- SOURCE DATA:
-- -- --

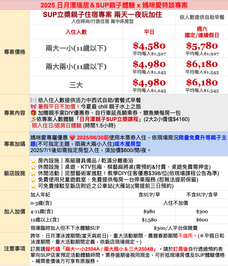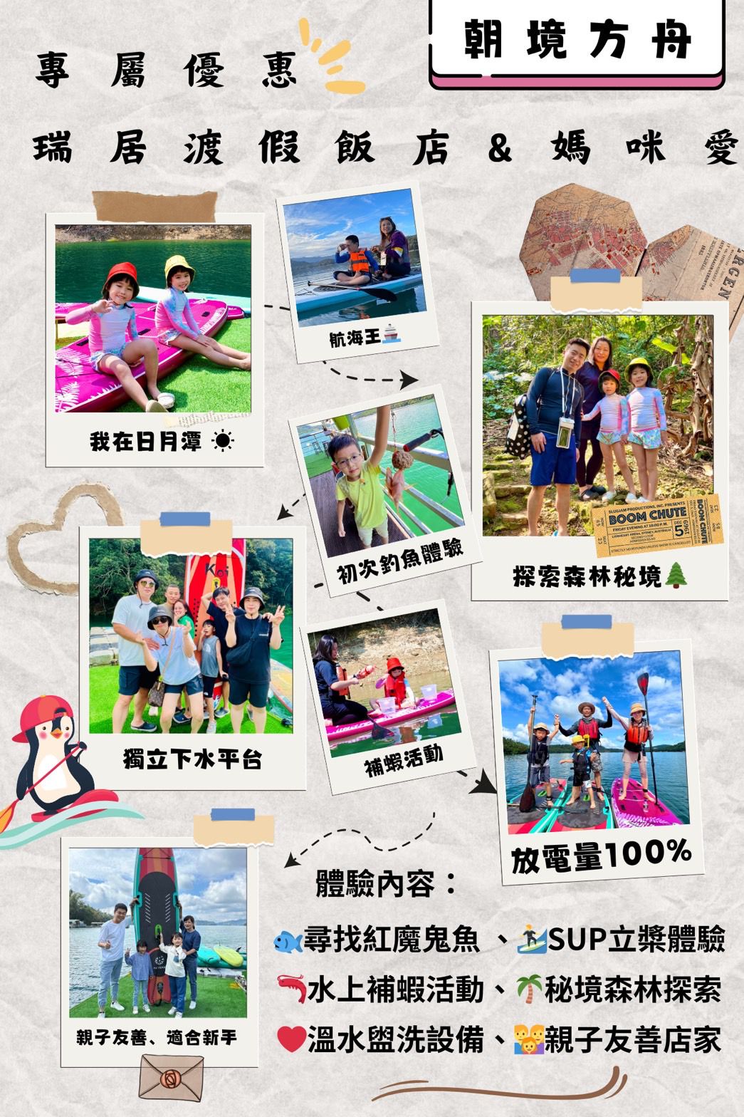 註:依專案人數體驗「日月潭親子SUP立槳課程」(1.5小時) 含森林步道探險、SUP自由體驗、教練隨團側拍及戒護、水上補魚蝦體驗、水中生態解說、簡易溫水盥洗。SUP立槳限入住日與退房日兌換體驗,現場臨時加人但不下水體驗SUP,需加每人$300平台保險費用。預約體驗表單(點我前往)
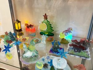 Автор выступила в роли экскурсовода и познакомила слушателей с тремя тематическими экспозициями: «Тысячелетние славянские обереги», «Море в подарок», «Готовимся к встрече Нового года», отметив, что эпоксидная смола является уникальным материалом для творчества. Встречу украсила живая музыка.
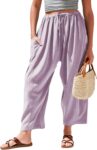 Womens Linen Wide Leg Pants Casual Loose Drawstring Summer Beach Travel Vacation Palazzo Harem Pants with Pockets
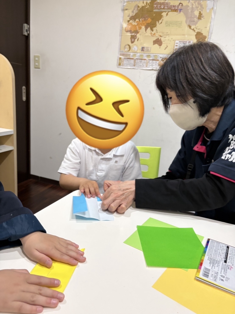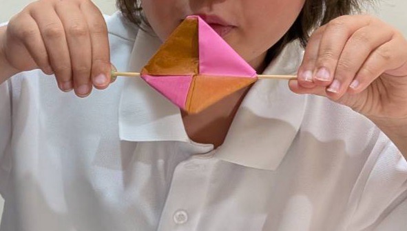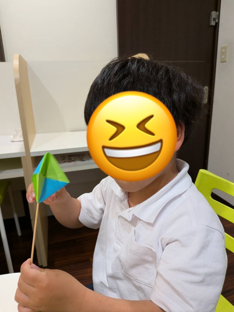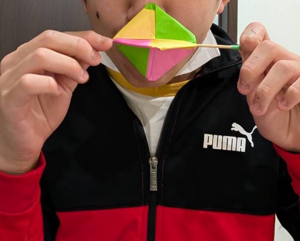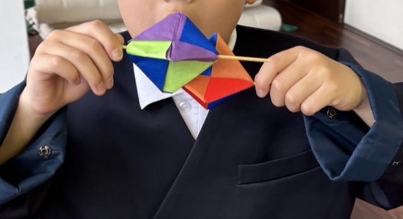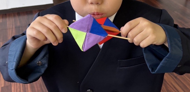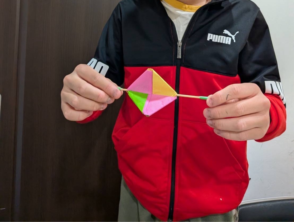 折り紙では「角と角を合わせる」「アイロン(折り目)をピシッとかける」といった繊細な作業に挑戦。仕上げに串を刺して、自分だけの風車が完成!

-- -- --

- EXERCISE REQUIREMENTS:
Could you print the listing above exactly, without the pictures?

- ANSWER SECTION:
 註:依專案人數體驗「日月潭親子SUP立槳課程」(1.5小時) 含森林步道探險、SUP自由體驗、教練隨團側拍及戒護、水上補魚蝦體驗、水中生態解說、簡易溫水盥洗。SUP立槳限入住日與退房日兌換體驗,現場臨時加人但不下水體驗SUP,需加每人$300平台保險費用。預約體驗表單(點我前往)
 Автор выступила в роли экскурсовода и познакомила слушателей с тремя тематическими экспозициями: «Тысячелетние славянские обереги», «Море в подарок», «Готовимся к встрече Нового года», отметив, что эпоксидная смола является уникальным материалом для творчества. Встречу украсила живая музыка.
 Womens Linen Wide Leg Pants Casual Loose Drawstring Summer Beach Travel Vacation Palazzo Harem Pants with Pockets
 折り紙では「角と角を合わせる」「アイロン(折り目)をピシッとかける」といった繊細な作業に挑戦。仕上げに串を刺して、自分だけの風車が完成!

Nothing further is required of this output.